My Kind of Country

Country music from a fan's point of view since 2008

Album Review: Gene Watson – ‘Between This Time And The Next Time’

between this time and the next timeIn 1981 Gene moved from Capitol to MCA, but his debut album for the new label was broadly similar to his earlier work. Gene co-produced with Russ Reeder.

There is a honey-sweet vocal on the title track, a tenderly seductive and quite unrepentant cheating song, involving two lovers whose weekly meetings seem too far apart:

Let’s take what this moment has to offer
Let’s fill every need we feel inside
Reach out and turn the lights down low
Then reach me every way you know
Let’s make sure before we leave that we’re both satisfied

It’s a beautiful performance and was a top 20 single. The song was written by Canadian country singer Ray Griff, who also recorded it.

The second and last single ‘Maybe I Should Have Been Listening’ is a wonderful regretful fiddle-led ballad as a man is haunted by memories of his ex, lamenting

Here you are back on my mind where you stay quite a lot
Bringing back all the old memories I thought I’d forgot
I just keep finding you with me and I don’t know why

Now I know leaving means one goes and one stays behind
I can’t escape from you no matter how hard I try
Maybe I should have been listening when you said goodbye

This one didn’t quite make it into the top 20. Both singles are excellent songs and recordings, and deserved to do much better.

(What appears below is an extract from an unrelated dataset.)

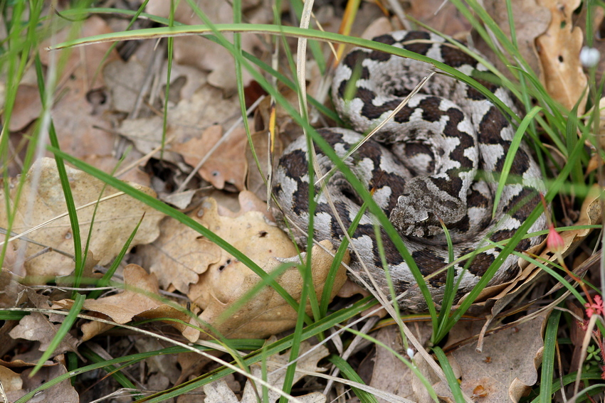 Weitere Hornotter im lichten Eichenwald östlich von Loutros, das Tier lag auf seine Tarnung vertrauend im Eichenlaub.

The sardonic mid-tempo ‘I’m Telling Me A Lie’ finds another protagonist struggling with his memories of an ex in the aftermath of a breakup, when drinking away the pain by day won’t let him sleep at night.

The wistful New York-set ‘Come Back Home’, written by Joe Allen and Dave Kirby, is beautifully sung but with a slightly intrusive string arrangement. Once again, Gene plays the part of the one left behind, as he pleads with her to return. ‘Down Here On My Knees’ is another lovely, delicately sung ballad, with Gene begging his discontented wife not to leave. The steel-laced ‘Even At Its Worst It’s Still The Best’ has another up-and-down relationship, but one that is still just about hanging together.

Written by Tom T. Hall, ‘Three’ is the story of a newly wed couple entering on parenthood only to meet with tragedy. The anxious father’s chain smoking as she endures a labor neither she nor the baby survives has perhaps dated a little, but the story’s emotion is timeless and heartwrenching, as the narrator is left “a lonely One who wanted to be Three’. Last month we mentioned several times that Tom T Hall was a better writer than singer, and this is the perfect combination of song and singer with Gene adding further levels of emotion through his vocal.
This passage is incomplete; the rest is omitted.